#### Problem to solve
Print every entry exactly once more, omitting each picture.
------ Data shown ------
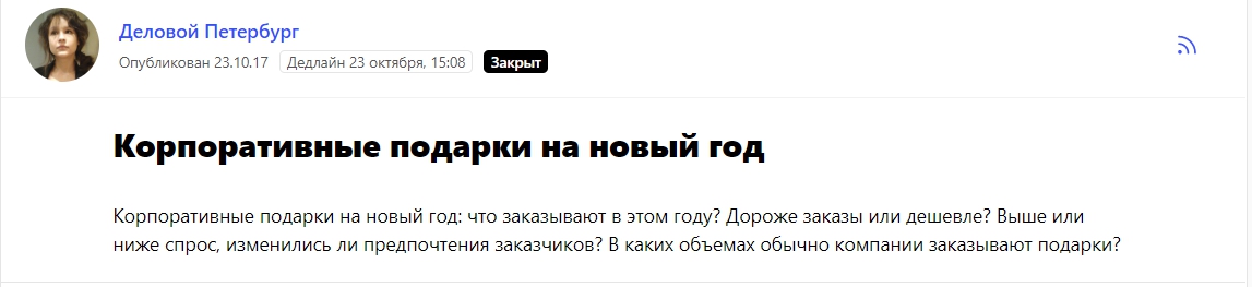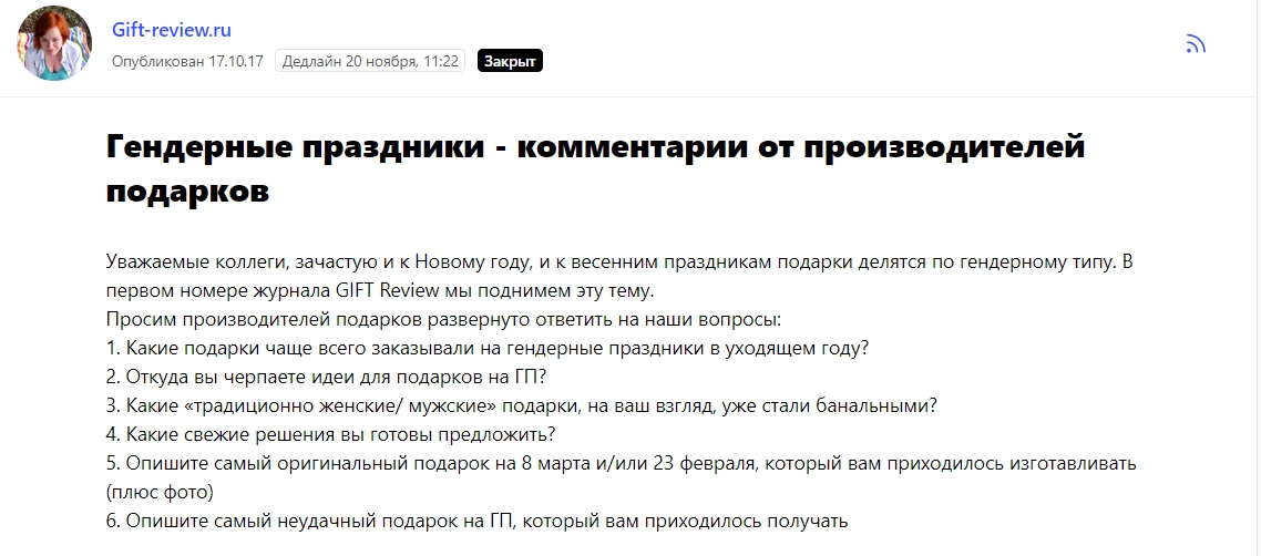 Очень ценно, что на Pressfeed запросы выкладывают не только общеизвестные медиа (типа «РБК» и «Коммерсанта»), но и нишевые площадки. На сервисе мы познакомились с изданием Gift-review.ru. Это узкопрофильный журнал, которые пишет только о подарках. Его читают исключительно те люди, которые занимаются подарками, — это ивент-менеджеры, пиарщики, работники рекламных агентств, менеджеры по персоналу, секретари.
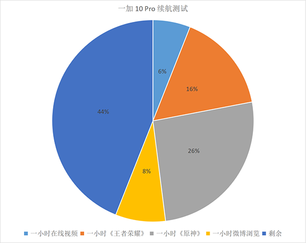 連接WiFi并使用大概40%左右亮度下,在線觀看1080P 60幀電影一小時耗電為6%,游玩一小時《王者榮耀》耗電為16%,游玩一小時《原神》耗電為26%,還有一小時的微博瀏覽耗電為8%。
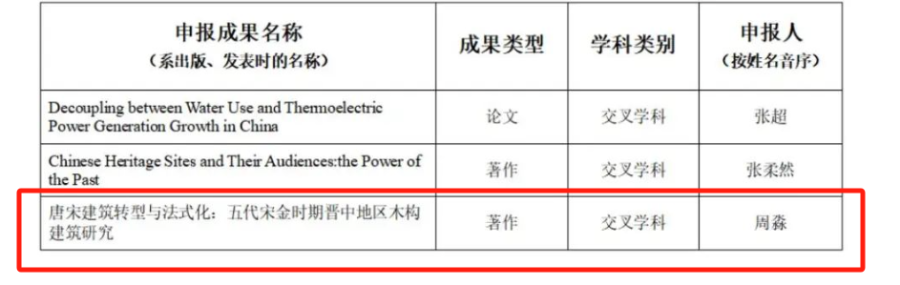近日,第九届高等学校科学研究优秀成果奖(人文社会科学)评选结果正式公布。我校国土空间规划学院建筑学系周淼副教授的著作《唐宋建筑转型与法式化:五代宋金时期晋中地区木构建筑研究》荣获青年成果奖。教育部高等学校科学研究优秀成果奖(人文社会科学)每三年评选一次,是目前国内人文社科领域最具公信力和影响力的重要奖项。
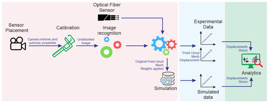The experimental process is composed of three main steps, as represented in Figure 6. In the first step, the experimental setup, which is explained in this section, is regarded, and sensors are placed and calibrated. Then, the experimental data are gathered using the many sensors placed at the specimen. Simultaneously, in this second step, a simulation is performed using the parameters obtained during the experimental setup. Finally, in the third step, the data gathered from all these sources are analyzed.
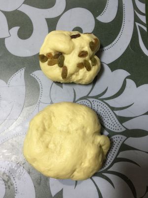 分两个面团,松弛几分钟,1/3做葡萄干果酱面包,2/3做芝士面包
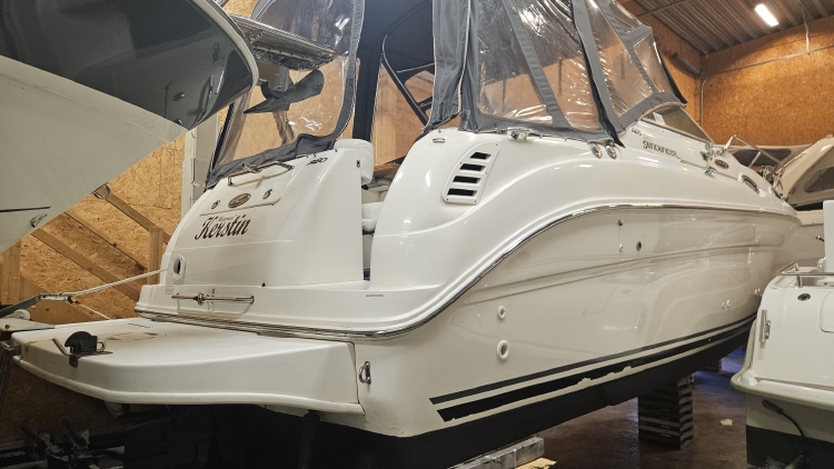 Vi har nu möjlighet att förmedla denna klassiska Searay Sundancer 260 från 2001. Denna båten har en rad fina uppdateringar så som nya limpor och avgasknän och omklädda dynor i sittbrunnen. Här får man en trevlig modell som har en härlig midcabin så man sover gott 2+2 i båten.
------
#### Output below
 Очень ценно, что на Pressfeed запросы выкладывают не только общеизвестные медиа (типа «РБК» и «Коммерсанта»), но и нишевые площадки. На сервисе мы познакомились с изданием Gift-review.ru. Это узкопрофильный журнал, которые пишет только о подарках. Его читают исключительно те люди, которые занимаются подарками, — это ивент-менеджеры, пиарщики, работники рекламных агентств, менеджеры по персоналу, секретари.
 連接WiFi并使用大概40%左右亮度下,在線觀看1080P 60幀電影一小時耗電為6%,游玩一小時《王者榮耀》耗電為16%,游玩一小時《原神》耗電為26%,還有一小時的微博瀏覽耗電為8%。
近日,第九届高等学校科学研究优秀成果奖(人文社会科学)评选结果正式公布。我校国土空间规划学院建筑学系周淼副教授的著作《唐宋建筑转型与法式化:五代宋金时期晋中地区木构建筑研究》荣获青年成果奖。教育部高等学校科学研究优秀成果奖(人文社会科学)每三年评选一次,是目前国内人文社科领域最具公信力和影响力的重要奖项。
The experimental process is composed of three main steps, as represented in Figure 6. In the first step, the experimental setup, which is explained in this section, is regarded, and sensors are placed and calibrated. Then, the experimental data are gathered using the many sensors placed at the specimen. Simultaneously, in this second step, a simulation is performed using the parameters obtained during the experimental setup. Finally, in the third step, the data gathered from all these sources are analyzed.
 分两个面团,松弛几分钟,1/3做葡萄干果酱面包,2/3做芝士面包
 Vi har nu möjlighet att förmedla denna klassiska Searay Sundancer 260 från 2001. Denna båten har en rad fina uppdateringar så som nya limpor och avgasknän och omklädda dynor i sittbrunnen. Här får man en trevlig modell som har en härlig midcabin så man sover gott 2+2 i båten.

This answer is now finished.